The attention network in DistilBertForSequenceClassification is designed so that the indexes of the final [CLS ] embedding score output (this is called 'logits') correspond to the annotated numbers. That is why if the annotated sentiment is a string, they usually need to be encoded into numbers. 


This can also be seen in the output of the code below. 

"id2label": {
    "0": "LABEL_0",
    "1": "LABEL_1",
    "2": "LABEL_2"
}


For example, when the highest embedding score is located on index '0', the model would output "LABEL_0", which we would interpret as 'negative'. So the model would be trained to produce the highest embedding score for the index corresponding to the encoded annotation. 

This is why we see 'np.argmax()' in the custom metric definition below. 


In [None]:
model = DistilBertForSequenceClassification.from_pretrained(model_name, num_labels=3)

Some weights of the model checkpoint at distilbert-base-cased were not used when initializing DistilBertForSequenceClassification: ['vocab_projector.weight', 'vocab_projector.bias', 'vocab_layer_norm.weight', 'vocab_layer_norm.bias', 'vocab_transform.bias', 'vocab_transform.weight']
- This IS expected if you are initializing DistilBertForSequenceClassification from the checkpoint of a model trained on another task or with another architecture (e.g. initializing a BertForSequenceClassification model from a BertForPreTraining model).
- This IS NOT expected if you are initializing DistilBertForSequenceClassification from the checkpoint of a model that you expect to be exactly identical (initializing a BertForSequenceClassification model from a BertForSequenceClassification model).
Some weights of DistilBertForSequenceClassification were not initialized from the model checkpoint at distilbert-base-cased and are newly initialized: ['classifier.weight', 'pre_classifier.bias', 'classifier.bia

In [None]:
training_args = TrainingArguments(
    num_train_epochs=3,              # total number of training epochs
    per_device_train_batch_size=16,  # batch size per device during training
    per_device_eval_batch_size=20,   # batch size for evaluation
    learning_rate=5e-5,              # initial learning rate for Adam optimizer
    warmup_steps=100,                # number of warmup steps for learning rate scheduler (set lower because of small dataset size)
    weight_decay=0.01,               # strength of weight decay
    output_dir='./results',          # output directory
    logging_dir='./logs',            # directory for storing logs
    logging_steps=100,               # number of steps to output logging (set lower because of small dataset size)
    evaluation_strategy='epoch',     # evaluate during fine-tuning so that we can see progress
)

In [None]:
from datasets import load_metric

More on Logits and argmax for custom metric functions (Stackoverflow): 


Usually logits is the output tensor of a classification network (the output of [CLS] token embedding going through BERTForSequenceClassification), whose content is the unnormalized (not scaled between 0 and 1) probabilities.

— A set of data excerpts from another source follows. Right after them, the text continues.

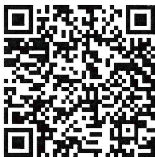
คู่มือการใช้ระบบการจัดการเรื่อง ร้องเรียนของกรมประชาสัมพันธ์

https://prd.webex.com/join/prdconference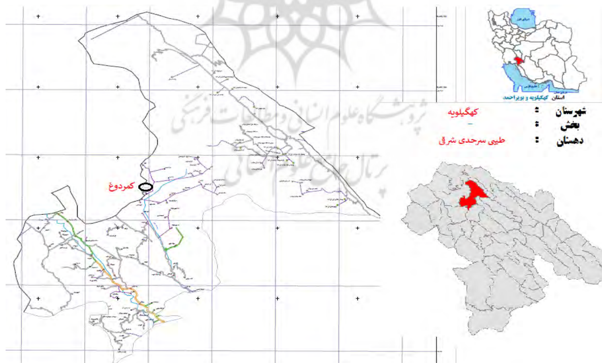
شکل - ۲: نقشه روستای گردشگری کمردوغ

کمردوغ، روستایی در ۱۷ کیلومتری شهر قلعه رئیسی و واقع در دهستان طیبی سرحدی شرقی در بخش چاروسا، شهرستان کهگیلویه از استان کهگیلویه و بویراحمد است که موقعیت آن در شکل (۲) نشان داده شده است. نام این روستا برگرفته از آبشاری به همین نام است. آبشار کمردوغ در فاصله ۸۰ کیلومتری شهر دهدشت مرکز شهرستان کهگیلویه و در کنار روستای کمردوغ واقع شده که به واسطه آب سفیدرنگش به کمردوغ (کمردو) معروف است و در طول سال به ویژه در فصل بهار و تابستان پذیرای گردشگران و مسافرانی از سراسر ایران است. این آبشار دیدنی که نزدیک به ۱۰۰ متر ارتفاع و بیش از ۶۰ متر عرض دارد، پس از عبور از جاده‌های پرپیچ و خم زیبا و درختان و جنگل‌های رؤیایی بلوط و شهر دهدشت نمایان می‌شود.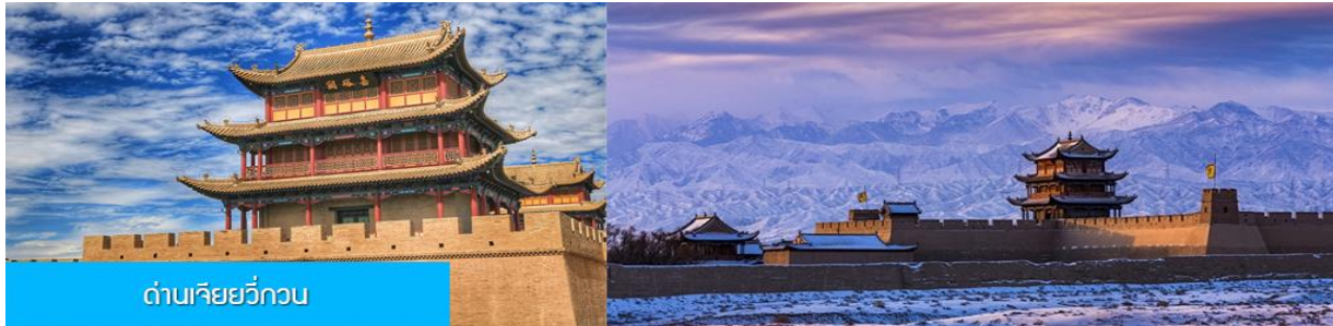
ด่านเจียยวี่กวน

np.argmax gives you the index of maximum value along the specified axis, which corresponds to the class that you are trying to predict. 

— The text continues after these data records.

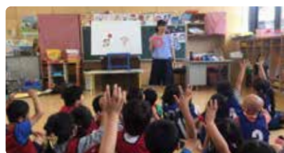
▲猛暑が来る前に、熱中症予防の「健康教育」を行っている様子。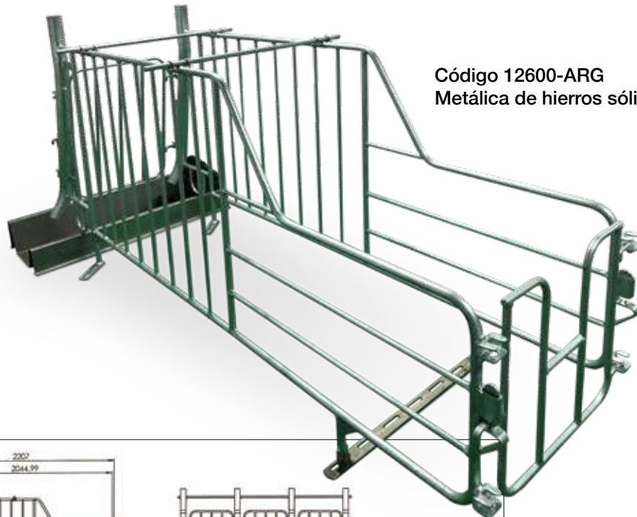
Código 12600-ARG Metálica de hierros sólidos.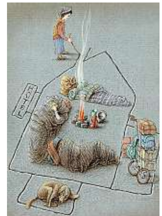
– Foyer dans le cœur –

Hausse de la pauvreté et des inégalités en Russie.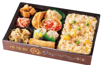
崎陽軒 チャーハン弁当 ¥1,200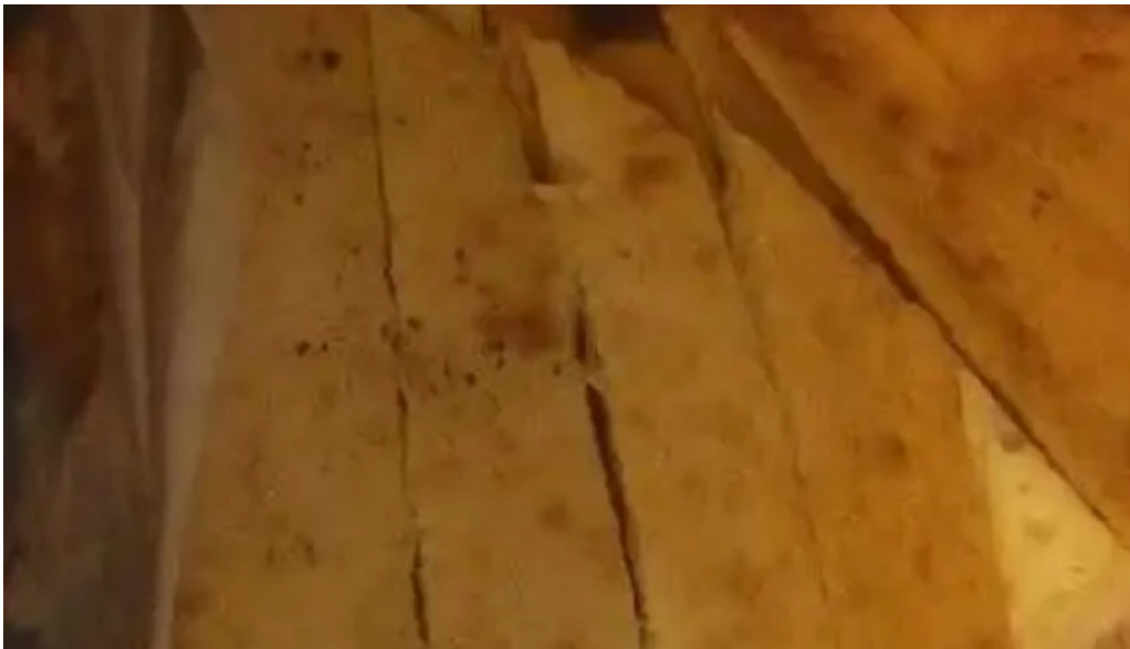
Pizzeria ramito mas recientes

For instance, let's say that a logits output looks like the following:

logits = [ [ 10, 500, -1, 0.5, 12 ] ]

The tensor shape is [1, 5]. Just looking at the tensor values, you can easily understand that the class with the highest probability is the one associated to the position 1, with value 500.

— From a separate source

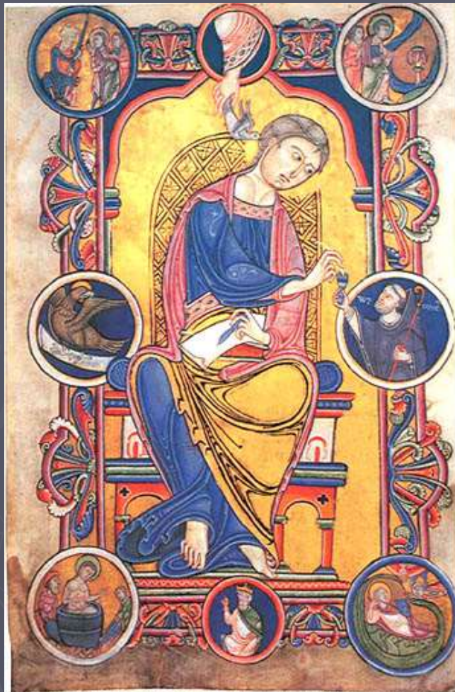
Св. евангелист Иоанн из Евангелия аббата Ведрикуса. Не ранее 1147г. Общество археологии и истории. Авер-сюр-Эльп, Франция.

Мистецтво скульптури і розпису було пов'язане з мистецтвом книжкової мініатюри , розквіт якої доводиться на романську епоху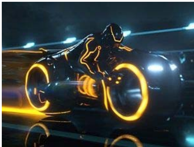
Gambar 1. Tron Legacy , Tangerang

Tron adalah sebuah film fiksi-ilmiah yang menceritakan tentang manusia setengah robot yang berlatarbelakangkan masa depan. Ciri khas dari Tron adalah kostum atau atribut yang digunakan berwarna gelap dengan garis-garis streamline bercahaya biru layaknya kehidupan futuristik. Semua peralatannya canggih dan yang terutama adalah motor balap yang digunakan pada arena pertandingan dalam film itu. Seperti film aksi lainnya, Tron cukup populer dikalangan anak-anak, remaja, bahkan orang dewasa. Tapi khusus untuk anak-anak mereka menyukai Tron bukan hanya dari film, melainkan juga dari game dan mainan action figur -nya.

How can you extract the position of the highest value? You can use argmax. 

top = np.argmax(logits, -1)
Once executed it will return the value 1



In [None]:
def compute_metrics(eval_pred):
    metric1 = load_metric("precision")
    metric2 = load_metric("recall")
    metric3 = load_metric("accuracy")
    metric4 = load_metric("f1")

    
    logits, labels = eval_pred
    predictions = np.argmax(logits, axis=-1)
    precision = metric1.compute(predictions=predictions, references=labels, average="weighted")["precision"]
    recall = metric2.compute(predictions=predictions, references=labels, average="weighted")["recall"]
    accuracy = metric3.compute(predictions=predictions, references=labels)["accuracy"]
    f1 = metric4.compute(predictions=predictions, references=labels, average="weighted")["f1"]
    return {"precision": precision, "recall": recall, "accuracy": accuracy, "f1": f1}

In [None]:
trainer = Trainer(
    model=model,                         # the instantiated Transformers model to be trained
    args=training_args,                  # training arguments, defined above
    train_dataset=train_dataset,         # training dataset
    eval_dataset=test_dataset,           # evaluation dataset 
    compute_metrics=compute_metrics      # our custom evaluation function 
)

After more than 3 epochs, the validation loss tends to increase again, which implies overfitting. So I set the epoch to 3. 

In [None]:
trainer.train()

***** Running training *****
  Num examples = 1811
  Num Epochs = 3
  Instantaneous batch size per device = 16
  Total train batch size (w. parallel, distributed & accumulation) = 16
  Gradient Accumulation steps = 1
  Total optimization steps = 342


Epoch,Training Loss,Validation Loss,Precision,Recall,Accuracy,F1
1,0.7048,0.122034,0.962093,0.962472,0.962472,0.961894
2,0.1607,0.076482,0.975665,0.975717,0.975717,0.975665
3,0.0531,0.075605,0.984522,0.984547,0.984547,0.984491


***** Running Evaluation *****
  Num examples = 453
  Batch size = 20
***** Running Evaluation *****
  Num examples = 453
  Batch size = 20
***** Running Evaluation *****
  Num examples = 453
  Batch size = 20


Training completed. Do not forget to share your model on huggingface.co/models =)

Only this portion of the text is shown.